Vereniging Milieudefensie
Persbericht
Meer geld nodig voor armste ontwikkelingslanden
Armen betalen prijs klimaatverandering
Amsterdam, 6 april 2007 - Milieudefensie vindt dat de belangen van
ontwikkelingslanden centraler moeten komen te staan in het internationale
klimaatbeleid. Ook zullen de allerarmsten meer moeten gaan profiteren van
de bestaande klimaatfondsen. Alleen zo kan de groeiende CO2-uitstoot
worden afgeremd en kunnen ontwikkelingslanden zich wapenen tegen de
gevolgen van klimaatverandering. Het vandaag verschenen tweede
IPCC-klimaatrapport laat zien dat ontwikkelingslanden het hardst zullen
worden getroffen door klimaatverandering.

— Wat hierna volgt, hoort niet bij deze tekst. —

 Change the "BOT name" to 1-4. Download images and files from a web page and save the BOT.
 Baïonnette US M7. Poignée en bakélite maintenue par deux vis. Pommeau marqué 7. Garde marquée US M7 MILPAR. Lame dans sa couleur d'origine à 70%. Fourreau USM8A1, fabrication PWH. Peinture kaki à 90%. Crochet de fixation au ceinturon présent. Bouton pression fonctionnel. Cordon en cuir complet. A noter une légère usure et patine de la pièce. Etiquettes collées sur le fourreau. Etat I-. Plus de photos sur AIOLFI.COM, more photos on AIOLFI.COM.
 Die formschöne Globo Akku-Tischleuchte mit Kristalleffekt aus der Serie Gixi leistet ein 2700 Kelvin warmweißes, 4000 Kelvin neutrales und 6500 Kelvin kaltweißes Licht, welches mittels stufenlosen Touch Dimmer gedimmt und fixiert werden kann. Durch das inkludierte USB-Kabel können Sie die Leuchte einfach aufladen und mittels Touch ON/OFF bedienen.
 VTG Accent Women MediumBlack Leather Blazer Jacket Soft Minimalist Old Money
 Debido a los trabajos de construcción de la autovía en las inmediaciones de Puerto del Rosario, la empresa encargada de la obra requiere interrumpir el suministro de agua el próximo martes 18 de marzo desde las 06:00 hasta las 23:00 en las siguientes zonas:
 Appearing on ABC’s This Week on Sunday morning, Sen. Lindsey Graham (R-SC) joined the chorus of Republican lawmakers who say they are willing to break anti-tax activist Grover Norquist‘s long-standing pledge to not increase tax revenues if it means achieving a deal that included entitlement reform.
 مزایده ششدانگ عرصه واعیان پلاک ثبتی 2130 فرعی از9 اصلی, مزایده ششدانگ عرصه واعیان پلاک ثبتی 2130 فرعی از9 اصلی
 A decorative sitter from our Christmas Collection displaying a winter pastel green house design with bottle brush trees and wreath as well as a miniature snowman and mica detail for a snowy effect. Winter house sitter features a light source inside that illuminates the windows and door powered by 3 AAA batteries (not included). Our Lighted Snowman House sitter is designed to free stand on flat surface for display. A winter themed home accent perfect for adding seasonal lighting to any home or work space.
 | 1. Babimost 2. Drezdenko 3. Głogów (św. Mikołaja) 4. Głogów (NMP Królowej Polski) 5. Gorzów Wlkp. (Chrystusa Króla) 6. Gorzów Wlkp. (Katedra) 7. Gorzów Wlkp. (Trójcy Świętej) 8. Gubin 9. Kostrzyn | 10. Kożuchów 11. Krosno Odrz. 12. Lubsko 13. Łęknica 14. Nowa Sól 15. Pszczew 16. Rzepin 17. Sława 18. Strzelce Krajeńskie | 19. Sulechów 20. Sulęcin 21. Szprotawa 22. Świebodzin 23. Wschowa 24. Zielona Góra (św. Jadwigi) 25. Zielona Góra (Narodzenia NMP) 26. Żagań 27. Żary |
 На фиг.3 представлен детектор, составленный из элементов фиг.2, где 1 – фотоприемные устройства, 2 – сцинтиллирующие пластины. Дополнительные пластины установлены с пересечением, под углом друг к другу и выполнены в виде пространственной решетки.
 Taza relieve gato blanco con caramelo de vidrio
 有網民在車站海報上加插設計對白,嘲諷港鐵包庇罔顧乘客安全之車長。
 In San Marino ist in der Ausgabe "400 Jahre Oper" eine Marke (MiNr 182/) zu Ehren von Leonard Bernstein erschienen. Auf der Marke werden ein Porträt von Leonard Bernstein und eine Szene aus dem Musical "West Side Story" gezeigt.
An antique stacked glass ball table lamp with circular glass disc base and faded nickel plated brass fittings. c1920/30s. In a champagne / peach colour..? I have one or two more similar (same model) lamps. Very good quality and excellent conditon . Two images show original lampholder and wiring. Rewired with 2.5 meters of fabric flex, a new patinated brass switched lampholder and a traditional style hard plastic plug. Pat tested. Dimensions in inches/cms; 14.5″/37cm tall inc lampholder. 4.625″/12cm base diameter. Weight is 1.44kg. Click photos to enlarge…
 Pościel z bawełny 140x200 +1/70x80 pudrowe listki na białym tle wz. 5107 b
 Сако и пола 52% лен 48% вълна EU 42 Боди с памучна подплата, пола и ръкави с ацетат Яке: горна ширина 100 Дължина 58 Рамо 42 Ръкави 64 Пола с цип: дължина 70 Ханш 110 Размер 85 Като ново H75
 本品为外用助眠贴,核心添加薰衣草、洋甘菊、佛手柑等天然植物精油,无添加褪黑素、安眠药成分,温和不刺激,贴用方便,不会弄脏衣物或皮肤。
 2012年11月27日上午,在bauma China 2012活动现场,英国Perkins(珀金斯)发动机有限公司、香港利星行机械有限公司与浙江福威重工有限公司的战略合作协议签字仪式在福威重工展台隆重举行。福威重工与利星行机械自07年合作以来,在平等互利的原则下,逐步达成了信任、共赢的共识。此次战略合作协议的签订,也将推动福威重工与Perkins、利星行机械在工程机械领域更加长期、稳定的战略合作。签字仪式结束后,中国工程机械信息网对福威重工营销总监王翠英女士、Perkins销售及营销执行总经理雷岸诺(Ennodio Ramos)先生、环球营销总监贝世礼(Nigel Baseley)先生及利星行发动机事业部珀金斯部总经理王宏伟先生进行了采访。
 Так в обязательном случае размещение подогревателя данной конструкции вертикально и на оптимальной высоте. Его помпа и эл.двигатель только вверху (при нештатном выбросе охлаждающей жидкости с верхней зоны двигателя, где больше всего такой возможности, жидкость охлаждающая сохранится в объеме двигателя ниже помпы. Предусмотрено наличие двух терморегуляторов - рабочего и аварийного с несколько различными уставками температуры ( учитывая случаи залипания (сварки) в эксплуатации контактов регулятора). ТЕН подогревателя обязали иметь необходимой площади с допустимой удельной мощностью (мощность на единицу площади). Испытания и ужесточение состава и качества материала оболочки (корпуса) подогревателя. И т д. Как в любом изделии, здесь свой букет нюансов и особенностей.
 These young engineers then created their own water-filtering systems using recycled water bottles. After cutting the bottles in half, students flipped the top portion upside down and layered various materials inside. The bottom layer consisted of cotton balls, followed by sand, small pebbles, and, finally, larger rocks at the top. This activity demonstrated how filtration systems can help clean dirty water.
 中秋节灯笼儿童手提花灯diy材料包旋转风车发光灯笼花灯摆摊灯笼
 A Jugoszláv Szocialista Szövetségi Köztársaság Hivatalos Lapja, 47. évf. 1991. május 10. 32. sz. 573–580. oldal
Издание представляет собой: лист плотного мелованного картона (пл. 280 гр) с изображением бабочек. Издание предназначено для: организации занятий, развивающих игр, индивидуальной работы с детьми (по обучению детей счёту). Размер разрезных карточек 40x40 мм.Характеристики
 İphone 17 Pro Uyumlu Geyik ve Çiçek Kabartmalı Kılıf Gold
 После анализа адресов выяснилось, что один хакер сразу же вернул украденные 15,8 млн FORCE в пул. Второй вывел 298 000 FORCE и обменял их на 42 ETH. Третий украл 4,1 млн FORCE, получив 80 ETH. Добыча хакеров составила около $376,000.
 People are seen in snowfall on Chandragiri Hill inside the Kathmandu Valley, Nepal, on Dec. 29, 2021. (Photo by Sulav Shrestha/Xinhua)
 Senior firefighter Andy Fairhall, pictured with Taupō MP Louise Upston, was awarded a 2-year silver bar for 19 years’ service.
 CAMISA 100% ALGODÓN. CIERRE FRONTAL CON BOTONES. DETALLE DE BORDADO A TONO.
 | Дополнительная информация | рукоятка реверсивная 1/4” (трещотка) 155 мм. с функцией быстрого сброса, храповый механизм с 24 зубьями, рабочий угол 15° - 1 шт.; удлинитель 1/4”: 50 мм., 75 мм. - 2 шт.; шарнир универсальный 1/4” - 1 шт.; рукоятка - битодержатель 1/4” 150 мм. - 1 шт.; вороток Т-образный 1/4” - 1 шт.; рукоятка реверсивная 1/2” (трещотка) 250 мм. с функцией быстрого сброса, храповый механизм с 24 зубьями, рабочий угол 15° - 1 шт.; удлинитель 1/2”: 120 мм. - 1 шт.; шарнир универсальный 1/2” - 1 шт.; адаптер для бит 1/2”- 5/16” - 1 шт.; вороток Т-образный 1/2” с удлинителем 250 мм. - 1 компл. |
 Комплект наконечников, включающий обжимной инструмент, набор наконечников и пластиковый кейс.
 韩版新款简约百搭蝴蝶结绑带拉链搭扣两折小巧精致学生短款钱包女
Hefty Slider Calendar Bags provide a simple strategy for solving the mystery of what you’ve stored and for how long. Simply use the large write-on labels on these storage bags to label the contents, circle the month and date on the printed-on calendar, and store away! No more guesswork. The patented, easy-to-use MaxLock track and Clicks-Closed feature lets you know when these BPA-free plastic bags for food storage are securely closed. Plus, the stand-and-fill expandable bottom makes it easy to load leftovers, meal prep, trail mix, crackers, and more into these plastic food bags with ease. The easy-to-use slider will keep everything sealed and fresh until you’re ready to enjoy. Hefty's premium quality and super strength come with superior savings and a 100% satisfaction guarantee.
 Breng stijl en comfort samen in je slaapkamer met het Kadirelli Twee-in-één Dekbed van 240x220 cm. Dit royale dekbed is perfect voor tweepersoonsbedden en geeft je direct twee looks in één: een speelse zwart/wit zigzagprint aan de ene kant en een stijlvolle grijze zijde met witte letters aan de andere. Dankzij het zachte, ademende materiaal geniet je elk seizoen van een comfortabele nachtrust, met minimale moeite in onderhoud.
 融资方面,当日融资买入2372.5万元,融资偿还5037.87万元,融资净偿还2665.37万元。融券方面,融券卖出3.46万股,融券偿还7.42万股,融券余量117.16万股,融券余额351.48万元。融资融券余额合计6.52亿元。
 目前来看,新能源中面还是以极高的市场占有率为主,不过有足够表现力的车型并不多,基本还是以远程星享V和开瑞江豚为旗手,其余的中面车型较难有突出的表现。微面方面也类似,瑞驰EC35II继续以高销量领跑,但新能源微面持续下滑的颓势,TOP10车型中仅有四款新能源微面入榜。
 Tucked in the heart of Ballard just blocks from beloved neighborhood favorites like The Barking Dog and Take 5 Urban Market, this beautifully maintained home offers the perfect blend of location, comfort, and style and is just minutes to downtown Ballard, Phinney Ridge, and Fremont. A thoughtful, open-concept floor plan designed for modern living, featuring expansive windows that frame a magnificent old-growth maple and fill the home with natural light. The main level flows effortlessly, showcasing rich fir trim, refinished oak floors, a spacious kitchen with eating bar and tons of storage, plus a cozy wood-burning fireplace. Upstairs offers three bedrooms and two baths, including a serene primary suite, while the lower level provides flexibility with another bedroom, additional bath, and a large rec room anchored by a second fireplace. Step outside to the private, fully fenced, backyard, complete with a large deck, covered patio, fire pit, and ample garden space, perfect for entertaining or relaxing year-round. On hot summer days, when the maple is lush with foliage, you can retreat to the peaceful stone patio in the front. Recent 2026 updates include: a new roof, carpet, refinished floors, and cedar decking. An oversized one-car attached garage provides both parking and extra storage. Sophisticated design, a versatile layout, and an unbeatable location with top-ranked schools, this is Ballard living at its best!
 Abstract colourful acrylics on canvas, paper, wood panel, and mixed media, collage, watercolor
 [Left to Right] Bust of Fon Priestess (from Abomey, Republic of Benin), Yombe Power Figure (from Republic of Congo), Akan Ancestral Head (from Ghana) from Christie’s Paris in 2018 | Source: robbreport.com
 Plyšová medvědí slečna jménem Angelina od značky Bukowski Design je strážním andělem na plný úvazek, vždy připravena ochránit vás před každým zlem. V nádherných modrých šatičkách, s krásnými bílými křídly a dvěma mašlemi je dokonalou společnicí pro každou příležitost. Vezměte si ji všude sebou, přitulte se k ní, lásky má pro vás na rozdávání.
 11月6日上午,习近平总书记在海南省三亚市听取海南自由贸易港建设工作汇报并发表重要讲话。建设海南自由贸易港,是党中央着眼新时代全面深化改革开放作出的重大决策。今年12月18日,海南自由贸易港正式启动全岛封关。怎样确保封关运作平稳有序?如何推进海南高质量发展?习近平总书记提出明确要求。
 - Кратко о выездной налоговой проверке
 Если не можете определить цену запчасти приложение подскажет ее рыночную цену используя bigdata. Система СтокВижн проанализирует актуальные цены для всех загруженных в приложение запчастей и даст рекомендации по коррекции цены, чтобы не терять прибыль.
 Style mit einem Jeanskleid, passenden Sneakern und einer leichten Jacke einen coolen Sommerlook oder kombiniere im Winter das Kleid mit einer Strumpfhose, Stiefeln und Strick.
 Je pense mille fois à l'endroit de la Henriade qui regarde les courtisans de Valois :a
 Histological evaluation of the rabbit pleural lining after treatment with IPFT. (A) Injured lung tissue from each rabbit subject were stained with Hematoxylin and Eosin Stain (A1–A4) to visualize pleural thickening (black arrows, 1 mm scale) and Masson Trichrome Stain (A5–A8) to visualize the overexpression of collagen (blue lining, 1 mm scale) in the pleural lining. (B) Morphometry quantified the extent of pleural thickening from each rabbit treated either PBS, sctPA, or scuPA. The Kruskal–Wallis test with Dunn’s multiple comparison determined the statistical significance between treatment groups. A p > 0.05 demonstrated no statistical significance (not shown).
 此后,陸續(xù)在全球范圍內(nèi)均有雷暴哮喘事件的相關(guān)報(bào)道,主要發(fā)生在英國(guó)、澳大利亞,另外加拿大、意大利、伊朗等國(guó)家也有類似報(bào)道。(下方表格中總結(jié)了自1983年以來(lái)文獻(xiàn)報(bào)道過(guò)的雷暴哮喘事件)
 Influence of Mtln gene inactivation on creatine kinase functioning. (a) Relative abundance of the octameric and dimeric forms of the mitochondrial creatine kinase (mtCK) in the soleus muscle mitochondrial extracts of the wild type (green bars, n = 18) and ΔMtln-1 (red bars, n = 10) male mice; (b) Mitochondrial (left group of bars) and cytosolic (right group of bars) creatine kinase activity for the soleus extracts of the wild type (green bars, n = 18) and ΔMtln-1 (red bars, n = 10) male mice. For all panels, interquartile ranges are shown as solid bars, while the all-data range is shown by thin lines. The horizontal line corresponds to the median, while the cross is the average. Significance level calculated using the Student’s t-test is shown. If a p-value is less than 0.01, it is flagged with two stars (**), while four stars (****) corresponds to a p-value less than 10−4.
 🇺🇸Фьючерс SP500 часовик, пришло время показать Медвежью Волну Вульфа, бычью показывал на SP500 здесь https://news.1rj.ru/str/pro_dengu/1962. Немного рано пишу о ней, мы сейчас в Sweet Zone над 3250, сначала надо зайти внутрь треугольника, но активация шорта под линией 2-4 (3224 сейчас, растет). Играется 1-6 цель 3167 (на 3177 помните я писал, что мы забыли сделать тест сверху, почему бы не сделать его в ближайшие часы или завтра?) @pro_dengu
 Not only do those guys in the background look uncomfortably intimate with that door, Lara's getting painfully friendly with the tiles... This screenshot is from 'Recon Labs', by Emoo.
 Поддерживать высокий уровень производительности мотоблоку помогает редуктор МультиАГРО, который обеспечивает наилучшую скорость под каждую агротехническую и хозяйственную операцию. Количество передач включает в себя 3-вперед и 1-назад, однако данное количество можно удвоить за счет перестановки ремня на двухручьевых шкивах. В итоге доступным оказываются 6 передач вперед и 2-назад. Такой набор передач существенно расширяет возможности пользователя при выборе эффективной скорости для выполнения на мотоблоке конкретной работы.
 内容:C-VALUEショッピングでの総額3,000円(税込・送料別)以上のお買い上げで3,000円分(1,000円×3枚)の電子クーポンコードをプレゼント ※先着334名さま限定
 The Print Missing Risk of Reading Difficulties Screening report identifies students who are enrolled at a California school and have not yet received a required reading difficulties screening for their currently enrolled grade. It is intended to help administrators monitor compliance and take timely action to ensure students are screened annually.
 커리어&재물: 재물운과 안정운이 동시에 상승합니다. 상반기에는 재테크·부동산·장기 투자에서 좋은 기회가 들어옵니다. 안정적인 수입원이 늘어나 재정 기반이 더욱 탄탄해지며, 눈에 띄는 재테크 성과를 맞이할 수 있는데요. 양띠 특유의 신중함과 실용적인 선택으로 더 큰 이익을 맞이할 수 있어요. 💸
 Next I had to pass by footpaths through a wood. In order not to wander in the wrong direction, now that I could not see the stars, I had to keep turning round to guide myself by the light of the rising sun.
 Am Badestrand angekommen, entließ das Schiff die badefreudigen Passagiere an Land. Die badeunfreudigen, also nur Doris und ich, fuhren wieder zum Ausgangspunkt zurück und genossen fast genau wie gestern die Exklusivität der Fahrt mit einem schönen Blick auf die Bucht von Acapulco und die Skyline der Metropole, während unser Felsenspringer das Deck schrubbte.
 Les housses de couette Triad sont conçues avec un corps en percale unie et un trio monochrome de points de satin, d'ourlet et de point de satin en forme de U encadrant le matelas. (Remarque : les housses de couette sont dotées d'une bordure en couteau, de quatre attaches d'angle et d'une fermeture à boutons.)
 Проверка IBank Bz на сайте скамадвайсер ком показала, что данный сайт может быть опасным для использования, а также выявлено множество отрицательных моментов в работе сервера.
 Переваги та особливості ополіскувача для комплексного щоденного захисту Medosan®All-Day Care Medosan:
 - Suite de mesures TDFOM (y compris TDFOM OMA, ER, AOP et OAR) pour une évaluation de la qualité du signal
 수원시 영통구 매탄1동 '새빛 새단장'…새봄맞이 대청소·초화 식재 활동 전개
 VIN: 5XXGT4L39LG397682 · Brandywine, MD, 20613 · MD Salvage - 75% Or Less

Volgens Milieudefensie moeten Westerse landen veel meer geld beschikbaar
stellen aan ontwikkelingslanden om de gevolgen van klimaatverandering op
te vangen. Donald Pols, campagneleider Klimaat en Energie: 'De armste
landen zitten nu met de gebakken peren, terwijl ze het klimaatprobleem
niet hebben veroorzaakt. Ze mogen niet langer meer worden afscheept met
een fooi.'
Milieudefensie wil dat klimaatfondsen uit het Kyoto-verdrag, met name het
zogeheten Clean Development Mechanism, worden omgevormd zodat ook de
armste landen hiervan kunnen profiteren. Pols: 'Afrika krijgt nu slechts 5
procent van de CDM-fondsen. Als met dit geld ook duurzame energieprojecten
gefinancierd zullen worden, kunnen de armste landen zich op een
klimaatvriendelijke manier ontwikkelen. Het voorkomen van CO2-uitstoot is
veel effectiever dan achteraf de troep opruimen.'
Uit het IPCC-rapport van de Verenigde Naties blijkt dat klimaatverandering
in de armste en meest kwetsbare ontwikkelingslanden zal leiden tot meer
ondervoeding en ziektes en meer slachtoffers door overstromingen, stormen,
droogtes en (bos)branden.
Momenteel zijn er binnen het internationale klimaatbeleid twee fondsen
beschikbaar voor de ontwikkelingslanden. Het Adaptatiefonds financiert
maatregelen om de gevolgen van klimaatverandering op te vangen, maar is
door politiek geharrewar nog niet operationeel. Het andere fonds, het
Clean Development Mechanism, richt zich op het terugdringen van de
bestaande CO2-uitstoot in ontwikkelingslanden. CDM richt zich nu nog op
het verminderen van de bestaande CO2-uitstoot in ontwikkelingslanden, vaak
afkomstig van vervuilende industrieën. Maar door het ontbreken van
industrie vallen de armste landen hierdoor buiten de boot en komt
driekwart van het geld terecht in Brazilië, China en India.